* **RECORDS FOR THE TASK**
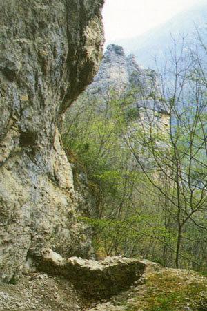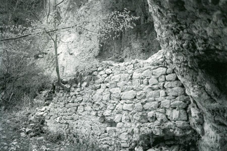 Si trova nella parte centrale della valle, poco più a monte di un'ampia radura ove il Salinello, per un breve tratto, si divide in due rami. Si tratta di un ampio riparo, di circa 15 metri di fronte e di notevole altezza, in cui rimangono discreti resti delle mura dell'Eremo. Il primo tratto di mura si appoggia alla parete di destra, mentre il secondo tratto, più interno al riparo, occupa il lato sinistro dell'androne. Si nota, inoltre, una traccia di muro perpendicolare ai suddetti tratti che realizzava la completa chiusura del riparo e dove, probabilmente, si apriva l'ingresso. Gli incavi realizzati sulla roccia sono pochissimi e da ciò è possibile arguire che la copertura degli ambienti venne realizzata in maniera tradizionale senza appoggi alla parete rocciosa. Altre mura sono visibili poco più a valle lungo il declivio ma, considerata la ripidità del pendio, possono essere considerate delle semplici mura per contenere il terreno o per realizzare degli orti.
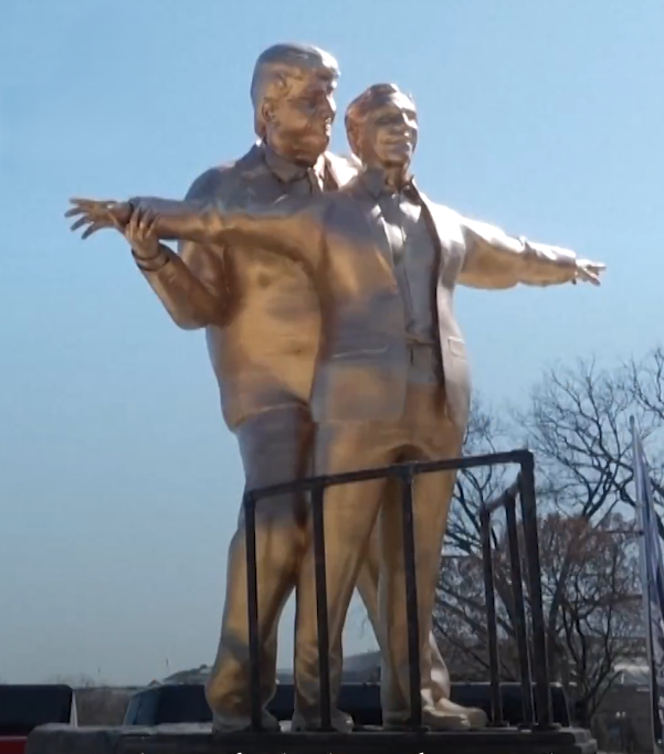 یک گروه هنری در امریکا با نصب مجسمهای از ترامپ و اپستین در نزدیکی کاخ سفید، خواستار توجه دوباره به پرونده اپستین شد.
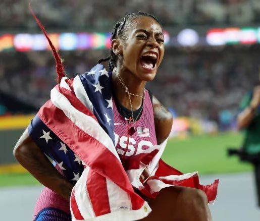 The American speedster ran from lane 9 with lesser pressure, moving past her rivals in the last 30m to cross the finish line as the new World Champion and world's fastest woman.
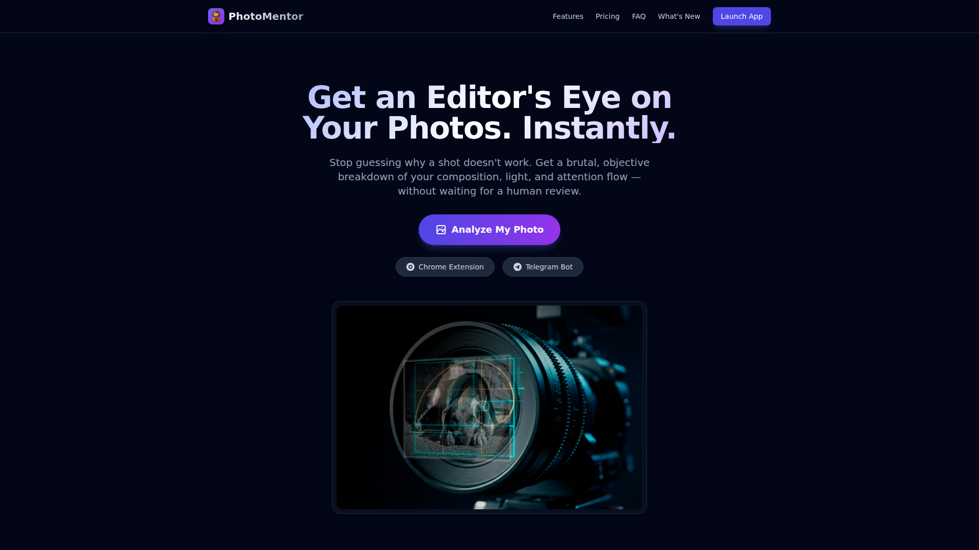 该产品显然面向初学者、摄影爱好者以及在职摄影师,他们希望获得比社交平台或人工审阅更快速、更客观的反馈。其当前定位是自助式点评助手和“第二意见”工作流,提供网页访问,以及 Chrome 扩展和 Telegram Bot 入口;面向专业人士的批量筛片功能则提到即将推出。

---

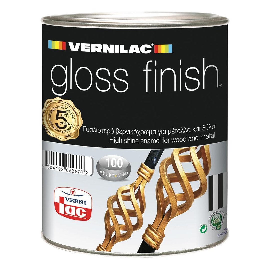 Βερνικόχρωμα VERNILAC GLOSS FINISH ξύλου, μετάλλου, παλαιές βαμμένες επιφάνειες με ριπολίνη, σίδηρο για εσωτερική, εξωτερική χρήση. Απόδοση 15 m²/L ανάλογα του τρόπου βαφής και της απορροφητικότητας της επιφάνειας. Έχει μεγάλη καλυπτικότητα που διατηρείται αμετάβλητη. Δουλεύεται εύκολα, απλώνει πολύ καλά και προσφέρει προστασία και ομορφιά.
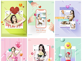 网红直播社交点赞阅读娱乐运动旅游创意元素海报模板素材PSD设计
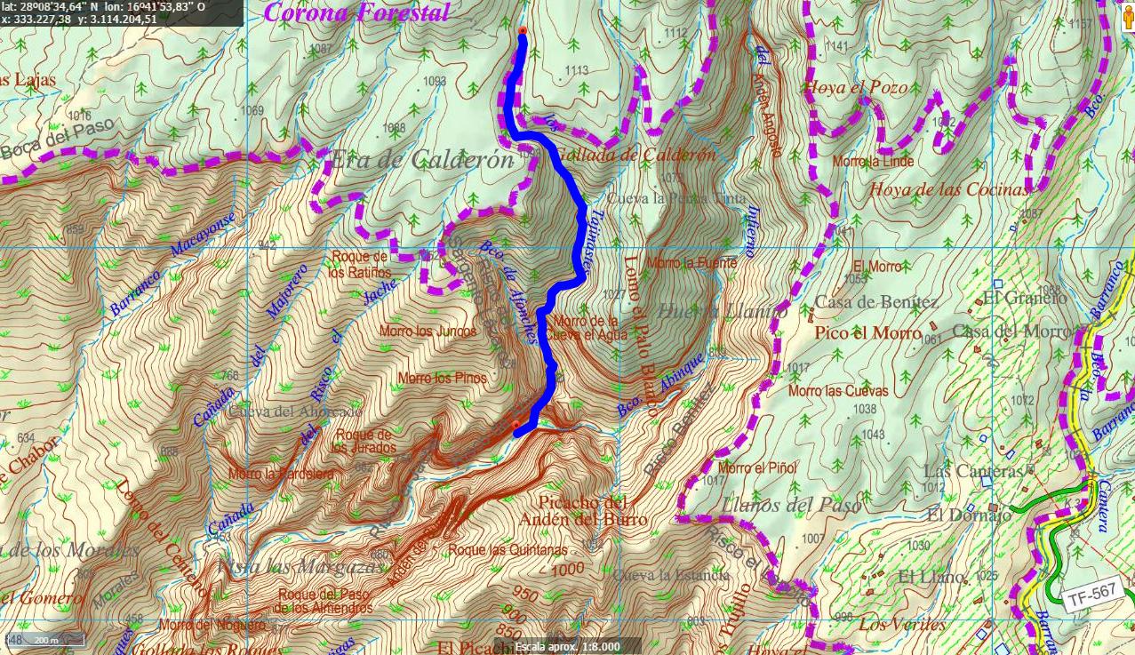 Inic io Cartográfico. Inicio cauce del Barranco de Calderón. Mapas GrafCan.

---

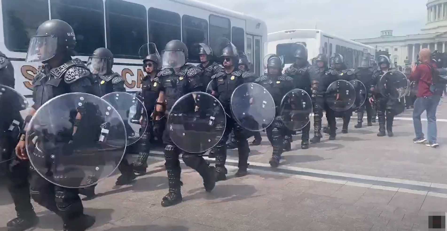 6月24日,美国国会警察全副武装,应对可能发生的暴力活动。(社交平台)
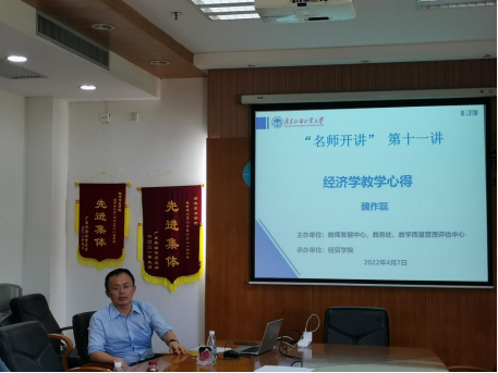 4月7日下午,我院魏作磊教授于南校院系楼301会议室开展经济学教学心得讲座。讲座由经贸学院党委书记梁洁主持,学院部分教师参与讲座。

* **WORK TO COMPLETE**
What lines above run from the one with "Si trova nella" to the one with "Telegram Bot 入口;面向专业人士的批量筛片功能则提到即将推出。"? Give them again exactly, ends included, and leave the pictures out.

* **SOLUTION TO THIS PROBLEM**
 Si trova nella parte centrale della valle, poco più a monte di un'ampia radura ove il Salinello, per un breve tratto, si divide in due rami. Si tratta di un ampio riparo, di circa 15 metri di fronte e di notevole altezza, in cui rimangono discreti resti delle mura dell'Eremo. Il primo tratto di mura si appoggia alla parete di destra, mentre il secondo tratto, più interno al riparo, occupa il lato sinistro dell'androne. Si nota, inoltre, una traccia di muro perpendicolare ai suddetti tratti che realizzava la completa chiusura del riparo e dove, probabilmente, si apriva l'ingresso. Gli incavi realizzati sulla roccia sono pochissimi e da ciò è possibile arguire che la copertura degli ambienti venne realizzata in maniera tradizionale senza appoggi alla parete rocciosa. Altre mura sono visibili poco più a valle lungo il declivio ma, considerata la ripidità del pendio, possono essere considerate delle semplici mura per contenere il terreno o per realizzare degli orti.
 یک گروه هنری در امریکا با نصب مجسمهای از ترامپ و اپستین در نزدیکی کاخ سفید، خواستار توجه دوباره به پرونده اپستین شد.
 The American speedster ran from lane 9 with lesser pressure, moving past her rivals in the last 30m to cross the finish line as the new World Champion and world's fastest woman.
 该产品显然面向初学者、摄影爱好者以及在职摄影师,他们希望获得比社交平台或人工审阅更快速、更客观的反馈。其当前定位是自助式点评助手和“第二意见”工作流,提供网页访问,以及 Chrome 扩展和 Telegram Bot 入口;面向专业人士的批量筛片功能则提到即将推出。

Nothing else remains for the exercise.